The way around this, is to keep the file open until we are sure we are done appending to it - appending and flushing tiny values is horribly costly, but if we let the data accumulate the costs get amortized and eventually dwindle to insignificance.
Of course, the OS also limits how many files you can have open at once so you can't just keep everything open all the time...
Understand the hardware
I mentioned disk seeks above. I am a bit obsessed with them. The thing about hard drives, is they have grown really huge, but they haven't gotten much faster in over a decade (not counting SSDs, they are super fast, small, expensive and not very reliable yet).
Hard drives rotate at a constant speed, much like old LP records (CDs and DVDs actually spin at variable speeds).
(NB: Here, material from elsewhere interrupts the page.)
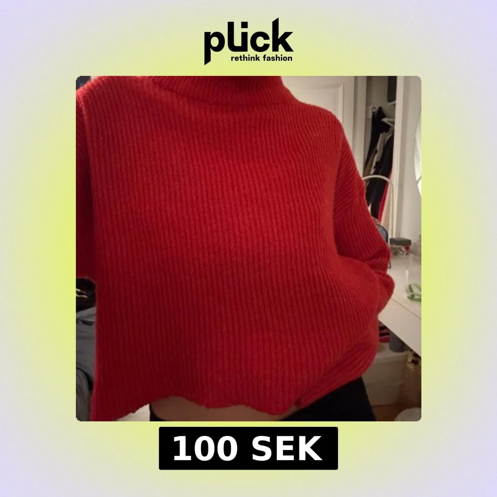Snygg röd ribbad tröja med croppad passform. Tröjan har långa ärmar och en hög krage, perfekt för, från HM, bra skick! Storlek L men mer som en S.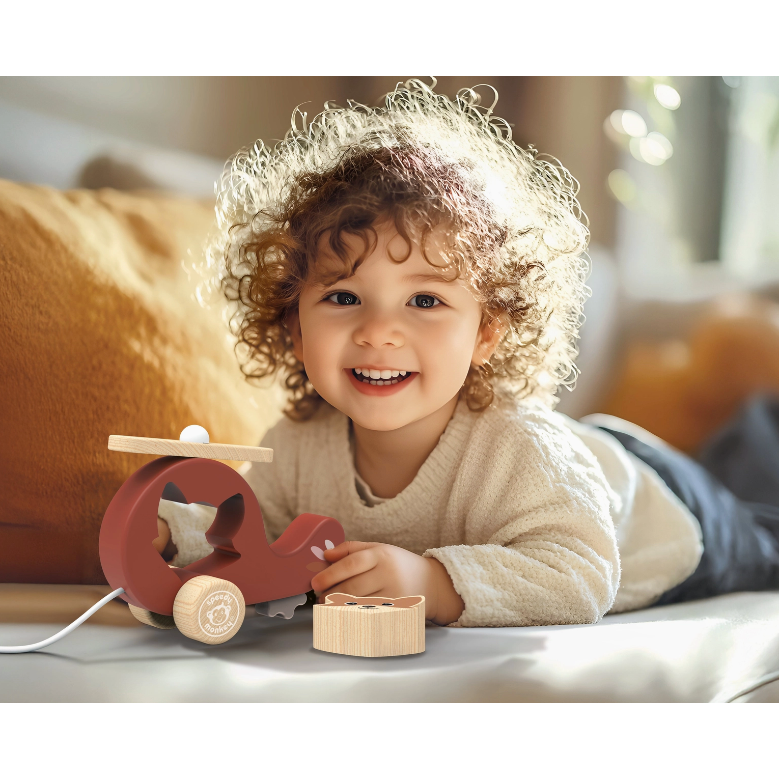 Let little imaginations soar with the Pull Along Helicopter! Designed for toddlers 12 months and up, this colorful rolling toy encourages walking, coordination, and motor skill development through playful movement. With its friendly design and spinning wheels, it’s the perfect first adventure companion for indoor play.

Just like playing a song from an LP, to read a hard drive, you move the sensor (needle) to the expected distance from the center and wait for your data to rotate into position. Same for writing. This means the average time to read anything new is half a revolution of the disk, plus the time it takes to position the sensor.
For a 5400rpm disk, the average is about 6ms, with a not uncommon worst case of 11ms, and a millisecond or three for moving the sensor. Put another way, you can only expect to read 75-150 different values per second. Now if we go back to the OS for a moment, remember that opening a file involves multiple seeks: you have to read the directory table, find the inode, find the block...
On my laptop, just opening and reading a 60 byte file takes over 400ms - almost half a second! I was a bit shocked when I discovered how slow it really was.
(Of course, the operating system follows the "remember stuff" rule from above, so if I open and read it again moments later, it only takes 3ms.)
Basically, reading something new from disk is one of the slowest things your computer can do. Doing almost anything else will be faster, even fetching things over the network may out-perform the local hard drive.
(Web programmers who use long-lived local caching as an excuse for adding dozens of static resources to each page have failed to understand this.)
In Mailpile, the entire program design hinges on minimizing disk seeks.
Mailpile reads loads of stuff into RAM on program start-up and simple queries can be answered by opening and reading exactly one smallish file - but not too small! It pays to leverage the OS cache by packing results for related queries into the same file.
That way if you search for
freedombox, that might take 400ms. But if you
then refine the search to
pagekite freedomboxes, that also will only take
400ms because the
freedombox answers live in the same
file, which the OS has now cached in RAM. So only the
will need to be read from disk.
The general effect of this is that Mailpile starts off fast, and then just gets faster the more you play with it. :-)
What about writing it in C?
Rewriting Mailpile in C would almost certainly make it a bit faster, but not necessarily by much, because most of the bottlenecks are actually in the hardware itself. Switching programming languages isn't going to make my hard drive spin any faster.
The main motivation for a C rewrite would be to increase memory efficiency, but all the optimizations I've discussed above would still be necessary - and failing to perform any of them would probably make the C program slower than its Python counterpart.
Incidentally, I've already taken a look a a couple of mail indexers written in C: notmuch and mairix - thanks for the links Björgvin! Both are cool projects, but both are also at least an order of magnitude slower than the one-week-old Mailpile, because they focus on searching and indexing but give no consideration to the time it will take to actually display the results.
The algorithms and overall design always matter way more than the choice of programming language.